**Task objective**
The records below hold a stretch from the line with "Thông tin sản" through the line with "移民正在改变加拿大人口结构。"; return exactly those lines, ends included, and nothing more.

**Input for this task**
━━━━

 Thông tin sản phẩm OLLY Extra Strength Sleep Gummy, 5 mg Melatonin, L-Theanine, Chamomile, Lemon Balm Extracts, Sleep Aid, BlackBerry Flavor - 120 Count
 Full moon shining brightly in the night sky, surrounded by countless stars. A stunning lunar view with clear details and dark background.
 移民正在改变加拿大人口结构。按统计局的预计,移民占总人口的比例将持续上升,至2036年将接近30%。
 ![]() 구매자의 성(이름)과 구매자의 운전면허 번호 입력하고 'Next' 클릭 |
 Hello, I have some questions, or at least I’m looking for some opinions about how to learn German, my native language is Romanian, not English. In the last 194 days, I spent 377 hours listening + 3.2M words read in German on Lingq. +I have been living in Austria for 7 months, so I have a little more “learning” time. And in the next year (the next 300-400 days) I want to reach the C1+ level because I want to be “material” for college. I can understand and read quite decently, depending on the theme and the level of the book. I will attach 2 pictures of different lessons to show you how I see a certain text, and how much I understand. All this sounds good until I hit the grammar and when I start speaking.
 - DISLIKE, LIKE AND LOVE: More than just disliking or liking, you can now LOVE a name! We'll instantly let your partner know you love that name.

━━━━

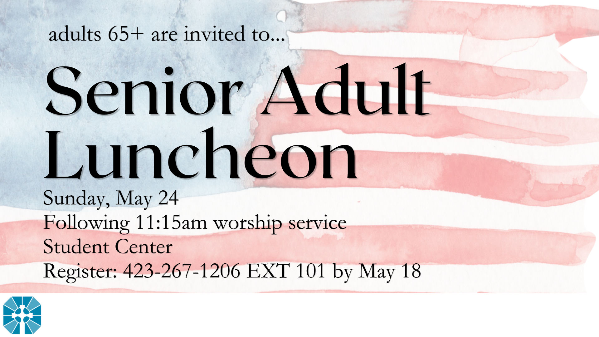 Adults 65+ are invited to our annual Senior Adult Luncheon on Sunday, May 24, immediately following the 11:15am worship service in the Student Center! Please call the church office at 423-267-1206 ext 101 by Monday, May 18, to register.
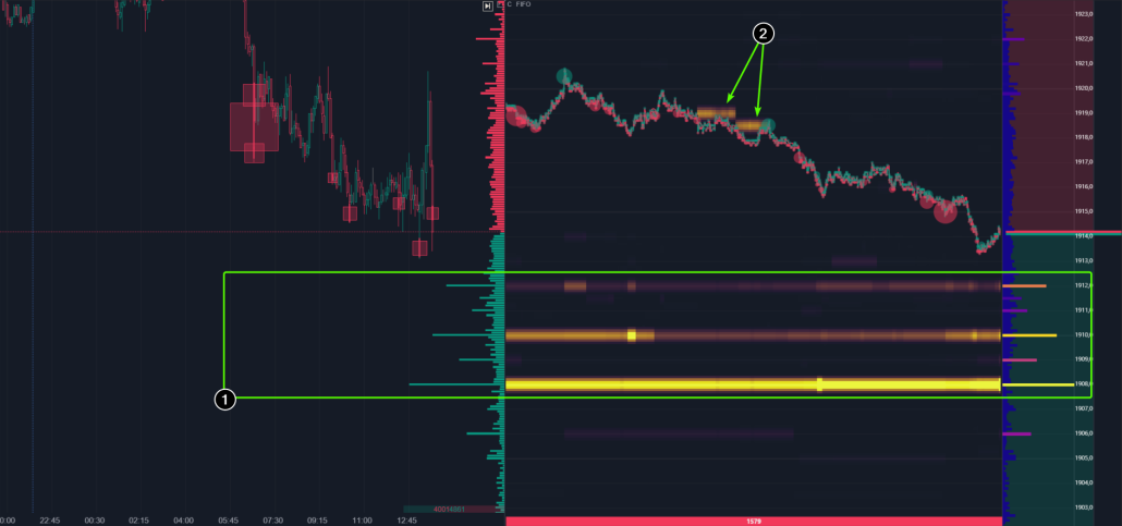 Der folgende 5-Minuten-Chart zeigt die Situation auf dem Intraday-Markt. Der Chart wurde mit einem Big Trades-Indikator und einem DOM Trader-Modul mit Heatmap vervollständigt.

━━━━

**Written response**
 Thông tin sản phẩm OLLY Extra Strength Sleep Gummy, 5 mg Melatonin, L-Theanine, Chamomile, Lemon Balm Extracts, Sleep Aid, BlackBerry Flavor - 120 Count
 Full moon shining brightly in the night sky, surrounded by countless stars. A stunning lunar view with clear details and dark background.
 移民正在改变加拿大人口结构。按统计局的预计,移民占总人口的比例将持续上升,至2036年将接近30%。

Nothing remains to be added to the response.